Yeni tip koronavirüs (Kovid-19) salgını sonrası geliştirilen yenilikçi projelerden biri olma özelliğini taşıyan proje, sanatın kolay ve güvenli erişimi bakımından örnek model olarak öne çıkıyor.
Yaşam alanlarına sanatı taşıyan yenilikçi projenin sanat danışmanlığını ise kendisi de ressam olan Zeynep Çilek Çimen üstleniyor.
“Evlere sanatı getirdik”
Projenin sanat danışmanı Çimen, pandemiden dolayı insanların yaşam alanlarında daha fazla vakit geçirmeye başladığını dile getirerek, “Biz de daha güvenli olması bakımından evlere sanat getirdik diyebilirim.” ifadesini kullandı.
Mekan olarak Sapphire rezidansının sosyalleşme alanını kullandıklarını belirten Çimen, “Öncelikli olarak genç sanatçılara yer vererek ulusal ve uluslararası pek çok sanatçıyı ilgilileriyle buluşturuyoruz. Düzenli olarak gerçekleştirdiğimiz sergiler aynı zamanda rezidans dışından ziyaretçilere de açık oluyor.” diye konuştu.
Çimen, projenin koleksiyoner Mustafa Tatlıcı’nın kendisini davet etmesiyle başladığını anlatarak, ilginin beklentilerinin çok üstünde olduğunu söyledi.

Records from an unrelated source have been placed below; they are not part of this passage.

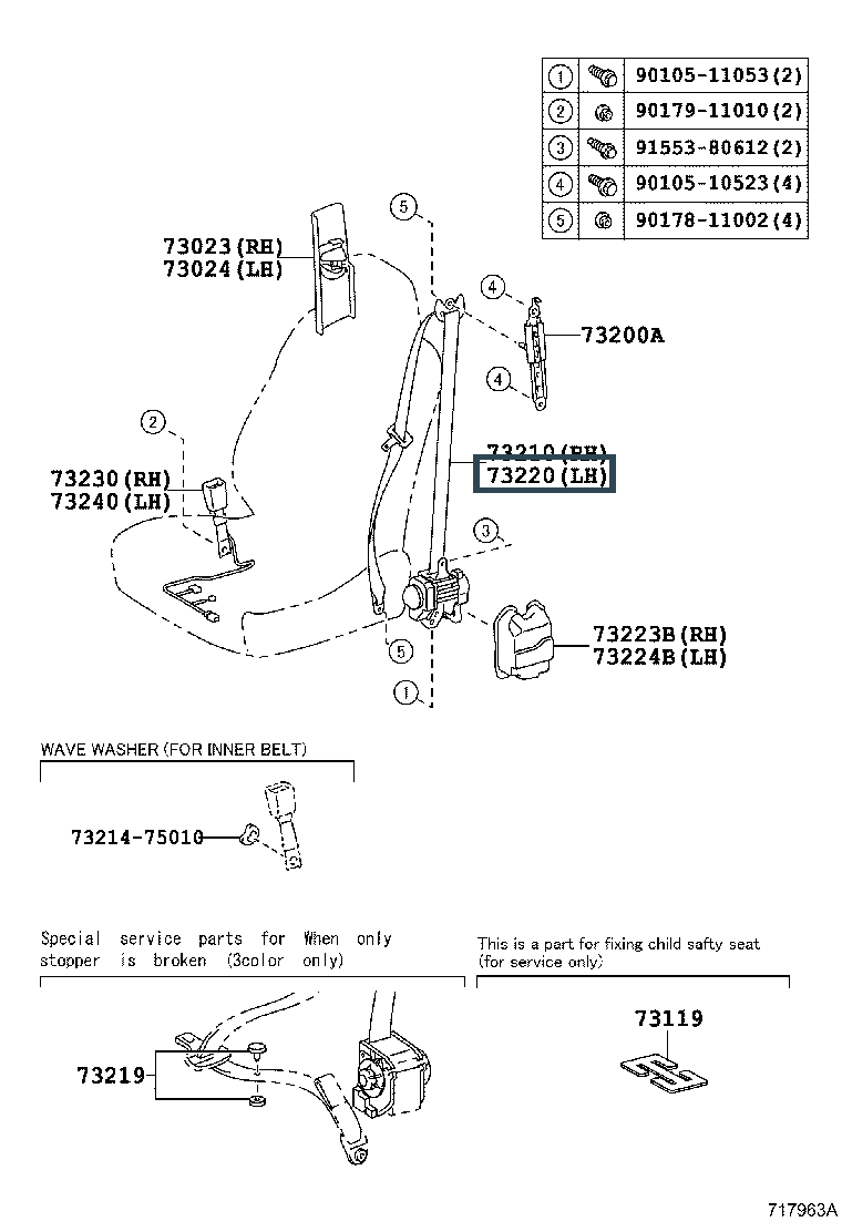 73220-33593-A2, BELT ASSY, FRONT SEAT OUTER, LH
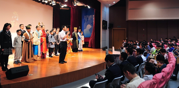 影视学院院长赵炳翔被邀请走上舞台发言。他说,戏剧教育作为素质教育中重要的艺术形式,因为匮乏的师资使得本来在许多欧美国家早已是普及的素质教育载体被冷落了,在我国的中小学中音乐、美术远远走在了戏剧的前列,而戏剧恰恰是中小学生,尤其是90、00后独生子女养成团队合作精神、解放天性的良好途径。为此,作为师范大学的影视学院有责任、有义务、有信心做好戏剧教育的师资准备工作,为未来戏剧教育进中小学铺就道路。上海市实验学校校长徐红按捺不住激动的心情,感谢我校影视学院六年来对于该校戏剧课程开展的指导。
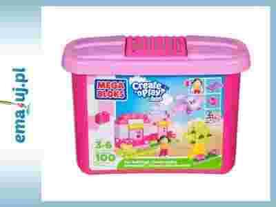 Zestaw klocków Mega Bloks w rozmiarze Mini, zawiera 100 klocków w tym wiele elementów specjalnych takich jak koła, postacie, etc. Klocki zapakowane są estetyczne, pratktyczne i trawałe pudełko z plastiku, gdzie górna część zawiera platformę do budowania. Ten zestaw, ze względu na tematykę i kolorystykę elementów, szczególnie polecany jest dla dziewczynek.Klocki pozwalają pobudzać wyobraźnię i rozwijać kreatywność. Klocki wykonane są w najwyższej jakości. Producent, Kanadyjska firma Mega Brands, to jeden z dwóch najbardziej uznanych producentów klocków na świecie.Klocki Mega Bloks Mini z serii Create 'n Play Junior są kompatybilne z innymi podobnymi zestawami dostępnymi na rynku, np. Lego Duplo.Grupa wiekowa: 3 - 5 lat
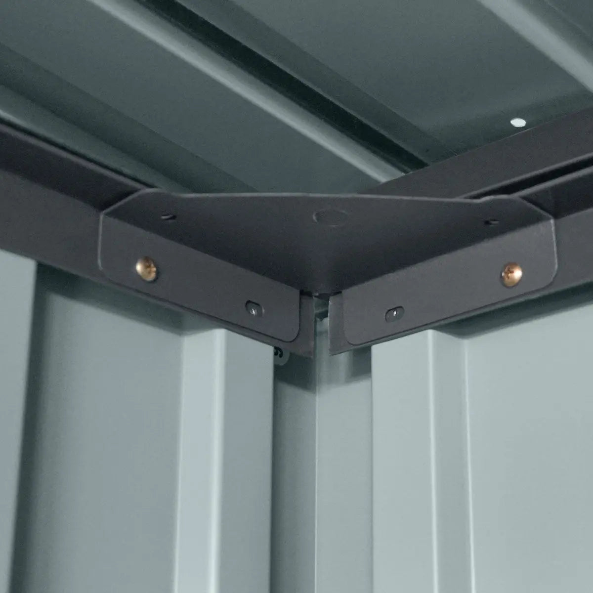 Galvanized corrugated metal sheet panels are highly resistant to water and sun exposure making this shed durable and long lasting. The apex roof design also allows rain and snow build up to easily slide off the structure preventing collapse and damage.
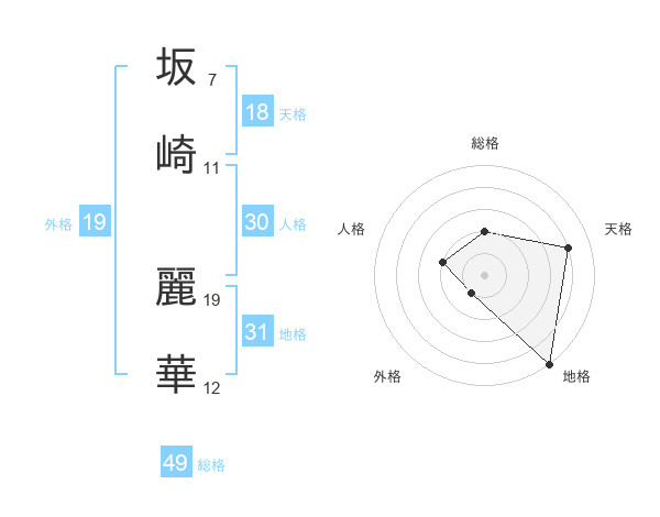 坂崎 麗華さんを姓名の画数から五運を鑑定
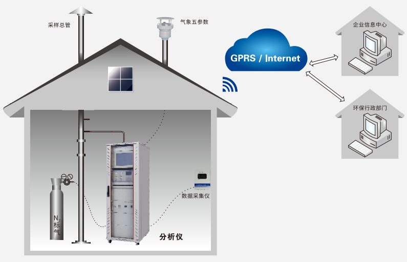 數(shù)據(jù)采集和傳輸設(shè)備:主要由一體式工控機(jī)、數(shù)據(jù)處理軟件組成,實(shí)現(xiàn)監(jiān)測數(shù)據(jù)的實(shí)時(shí)采集、存儲(chǔ)、計(jì)算,并通過網(wǎng)絡(luò)傳輸數(shù)據(jù)至環(huán)保監(jiān)控平臺(tái)。

Bu konseptin diğer yaşam alanlarına da bir örnek teşkil edebileceğine değinen Çimen, şunları kaydetti:
“İnsanları galerilere, sergilere getirebilmenin zor olduğu bir dönemde insanların sosyal alanlarında bir şekilde sanata maruz kalmalarına olanak tanıdık. Hem pandemi sırasında eserlerini sergileme mücadelesi veren sanatçılar için bir fırsat sunuyor hem de sanatseverler bu zor günlerde biraz olsun kendilerini iyi hissediyorlar.”
Projenin yıl ilk edisyonu, Türkiye’nin önemli genç sanatçılarından Ayşen Savcı, Beyza Boynudelik, Egemen Kemal Vuruşan, Alp İşmen, Zeynep Çilek Çimen ve Derya Geylani Vuruşan’dan oluşan bir seçki ile düzenlendi.
İkinci edisyon ise Alp İşmen’e ait kağıt işleri ve Recep Çiftçi resimleri ile devam ediyor.